- **Source material**
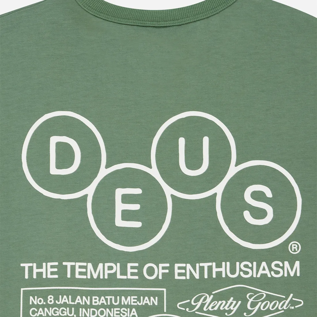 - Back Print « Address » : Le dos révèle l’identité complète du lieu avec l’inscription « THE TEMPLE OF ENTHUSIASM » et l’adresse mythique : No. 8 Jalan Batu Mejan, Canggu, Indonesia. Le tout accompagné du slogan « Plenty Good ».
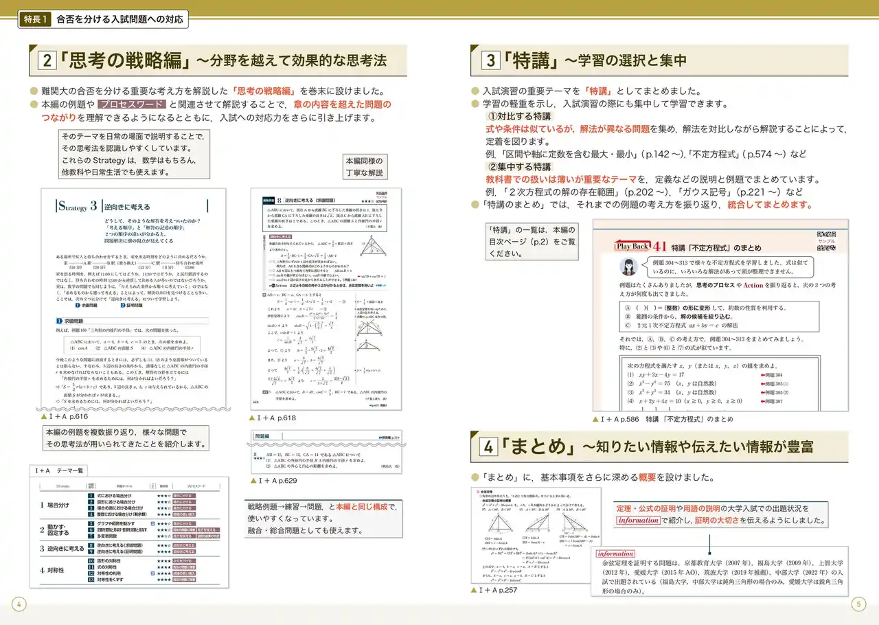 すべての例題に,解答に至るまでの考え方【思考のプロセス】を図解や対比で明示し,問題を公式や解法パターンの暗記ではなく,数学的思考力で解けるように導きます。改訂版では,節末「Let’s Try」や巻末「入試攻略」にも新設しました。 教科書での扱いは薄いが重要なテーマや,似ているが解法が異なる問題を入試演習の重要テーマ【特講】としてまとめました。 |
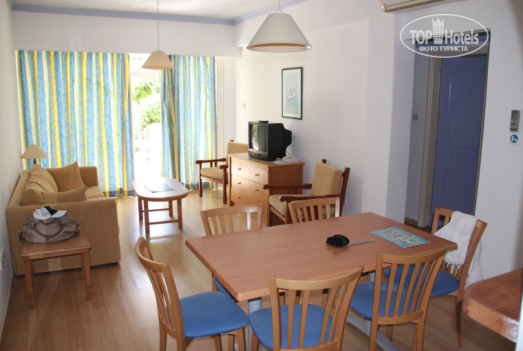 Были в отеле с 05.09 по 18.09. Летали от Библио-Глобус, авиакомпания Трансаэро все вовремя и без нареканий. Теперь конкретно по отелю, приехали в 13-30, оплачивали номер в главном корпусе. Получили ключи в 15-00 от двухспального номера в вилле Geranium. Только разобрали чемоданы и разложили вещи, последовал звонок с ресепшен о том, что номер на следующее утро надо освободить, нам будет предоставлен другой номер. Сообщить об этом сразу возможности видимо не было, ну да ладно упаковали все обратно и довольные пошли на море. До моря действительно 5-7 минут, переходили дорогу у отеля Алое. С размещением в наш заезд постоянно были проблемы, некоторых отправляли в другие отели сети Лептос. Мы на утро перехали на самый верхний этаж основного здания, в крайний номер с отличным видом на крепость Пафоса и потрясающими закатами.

- **Work instruction**
Retype all of the listing above exactly, but keep its pictures out.

- **Solution to the problem**
 - Back Print « Address » : Le dos révèle l’identité complète du lieu avec l’inscription « THE TEMPLE OF ENTHUSIASM » et l’adresse mythique : No. 8 Jalan Batu Mejan, Canggu, Indonesia. Le tout accompagné du slogan « Plenty Good ».
 すべての例題に,解答に至るまでの考え方【思考のプロセス】を図解や対比で明示し,問題を公式や解法パターンの暗記ではなく,数学的思考力で解けるように導きます。改訂版では,節末「Let’s Try」や巻末「入試攻略」にも新設しました。 教科書での扱いは薄いが重要なテーマや,似ているが解法が異なる問題を入試演習の重要テーマ【特講】としてまとめました。 |
 Были в отеле с 05.09 по 18.09. Летали от Библио-Глобус, авиакомпания Трансаэро все вовремя и без нареканий. Теперь конкретно по отелю, приехали в 13-30, оплачивали номер в главном корпусе. Получили ключи в 15-00 от двухспального номера в вилле Geranium. Только разобрали чемоданы и разложили вещи, последовал звонок с ресепшен о том, что номер на следующее утро надо освободить, нам будет предоставлен другой номер. Сообщить об этом сразу возможности видимо не было, ну да ладно упаковали все обратно и довольные пошли на море. До моря действительно 5-7 минут, переходили дорогу у отеля Алое. С размещением в наш заезд постоянно были проблемы, некоторых отправляли в другие отели сети Лептос. Мы на утро перехали на самый верхний этаж основного здания, в крайний номер с отличным видом на крепость Пафоса и потрясающими закатами.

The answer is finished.